Indeed, in its new junior partner, the multinational firm has once again revealed its skill at recruiting fresh female talent. The blushing Lady Diana of five years ago is now a global symbol of glamour. The new Duchess of York is a perfect counter-Diana, a feisty young lady sure of her own resources. After enduring months of barbs in the press for her jerry-built wardrobe and ample hips, she silenced critics with a wedding dress that was properly grand and frankly flattering to her figure.

Soon enough, her public mettle will be tried anew. When the honeymooners return from a five-day cruise through the Azores, including an overnight stay near the island of Pico, they will eventually move into Buckingham Palace. Within a few months, Andrew is scheduled to start teaching courses in helicopter warfare to navy personnel. Sarah hopes to continue working at a graphic-arts firm, where she is just completing a coffee-table book on the Houses of Parliament. But both may have to give more time to the family business.

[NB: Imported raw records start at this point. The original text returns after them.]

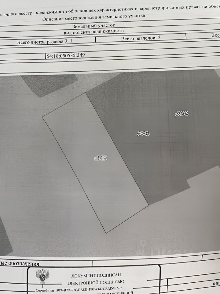 Кадастровый номер: 54:18:050535:349.
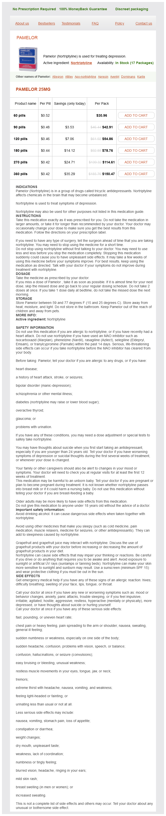 Nortriptyline packs: 60 pills, 90 pills, 120 pills, 180 pills, 270 pills, 360 pills
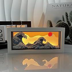 - Bring timeless Japanese art and ambient beauty into your space with this handcrafted LED shadow box lamp, inspired by Hokusai's iconic The Great Wave off Kanagawa. Each piece features a multi layered 3D paper carving, carefully assembled to create stunning depth, motion and light-shadow contrast—turning your wall or shelf into a living piece of art. Whether you're seeking a soothing night light for your bedroom, an aesthetic mood light for your workspace or a unique Japanese decor piece for your home, this lamp elevates any environment with elegance and serenity. Its soft warm white LED glow promotes relaxation, mindfulness and a cozy atmosphere. This lamp can be powered via USB or with batteries, making it convenient to enjoy its beautiful glow even in places without power outlets. Lightweight and durable, it's perfect for personal use or as a thoughtful gift for art lovers, students and fans of Japanese culture. Elevate your space. Illuminate your soul. Disclaimer: This product is an artistic reinterpretation inspired by public domain artwork.

That is a job that still inspires resentment as well as reverie. PARASITE MARRIES SCROUNGER, shouted a 1 1/2inch headline in the Socialist Worker. Even the august Times lamented on its front page "an unavoidable flavor of ; schmaltz." When the special day arrived, however, such complaints seemed beside the point. As the sun broke through the clouds on cue, and as the air was silvered with tintinnabulation, it seemed more fitting to recall the lovely raptures of Edmund Spenser in his own Epithalamion, or wedding song, written in the age of another Queen Elizabeth:

Let no lamenting cries, nor doleful tears,

Be heard all night within nor yet without.

Ne let false whispers, breeding hidden fears,

Break gentle sleep, with misconceived doubt.

He might have added:

Let all bells peal

In honor of one fantasy that's real.